Task item:
Reproduce only what runs from the line containing "注:Open Windows Firewall" to the line containing "Δ. Κουτσούμπας: Οι" in the records below, inclusive. Keep it exact, and keep the pictures out.
(Beginning of Exercise material)
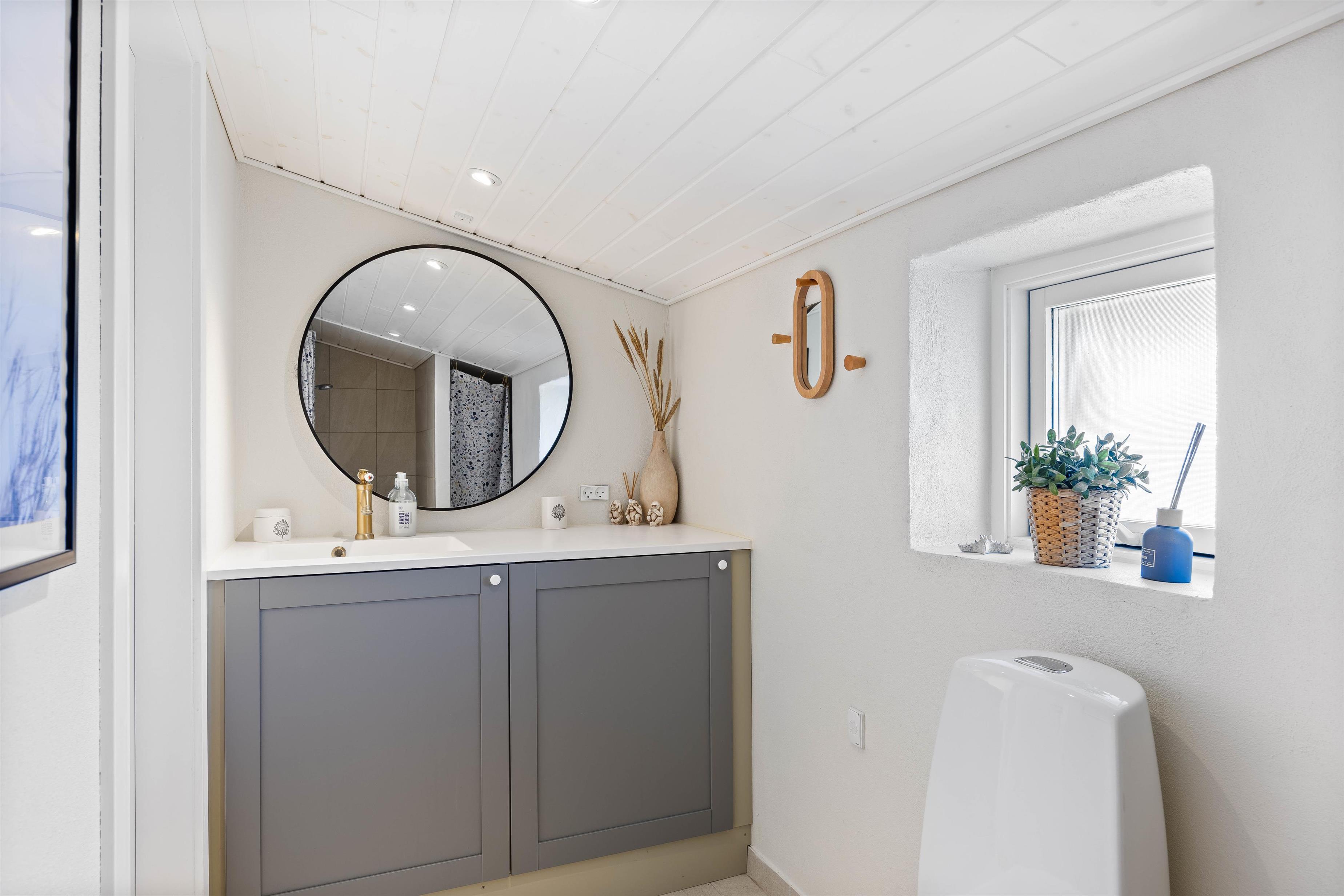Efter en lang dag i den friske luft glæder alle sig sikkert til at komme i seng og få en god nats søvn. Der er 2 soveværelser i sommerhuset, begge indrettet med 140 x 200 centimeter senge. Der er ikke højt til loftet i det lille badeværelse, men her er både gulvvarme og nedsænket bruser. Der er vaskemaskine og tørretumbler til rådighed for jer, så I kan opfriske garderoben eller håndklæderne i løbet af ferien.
(End of Exercise material)
(Beginning of Exercise material)
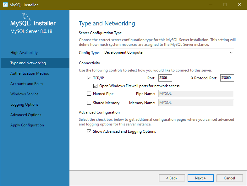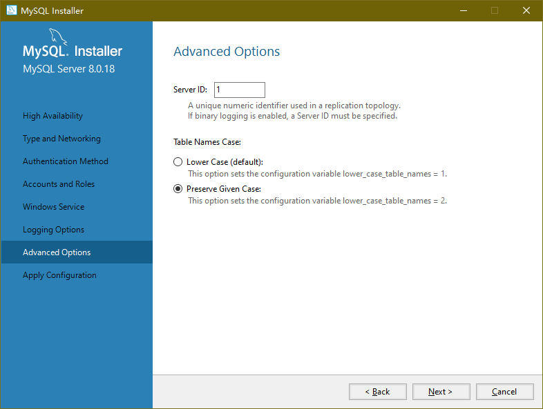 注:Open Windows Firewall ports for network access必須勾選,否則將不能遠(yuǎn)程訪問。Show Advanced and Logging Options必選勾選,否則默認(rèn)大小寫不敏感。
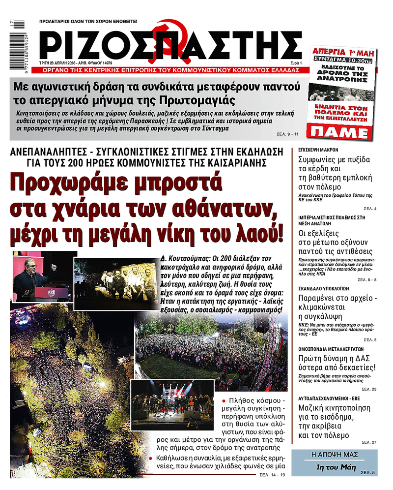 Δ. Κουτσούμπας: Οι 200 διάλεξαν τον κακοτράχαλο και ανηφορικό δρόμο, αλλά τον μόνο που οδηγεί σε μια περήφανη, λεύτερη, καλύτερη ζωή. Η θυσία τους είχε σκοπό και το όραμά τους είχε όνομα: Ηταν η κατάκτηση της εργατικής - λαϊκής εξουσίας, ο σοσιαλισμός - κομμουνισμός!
(End of Exercise material)
Solution to the exercise:
 注:Open Windows Firewall ports for network access必須勾選,否則將不能遠(yuǎn)程訪問。Show Advanced and Logging Options必選勾選,否則默認(rèn)大小寫不敏感。
 Δ. Κουτσούμπας: Οι 200 διάλεξαν τον κακοτράχαλο και ανηφορικό δρόμο, αλλά τον μόνο που οδηγεί σε μια περήφανη, λεύτερη, καλύτερη ζωή. Η θυσία τους είχε σκοπό και το όραμά τους είχε όνομα: Ηταν η κατάκτηση της εργατικής - λαϊκής εξουσίας, ο σοσιαλισμός - κομμουνισμός!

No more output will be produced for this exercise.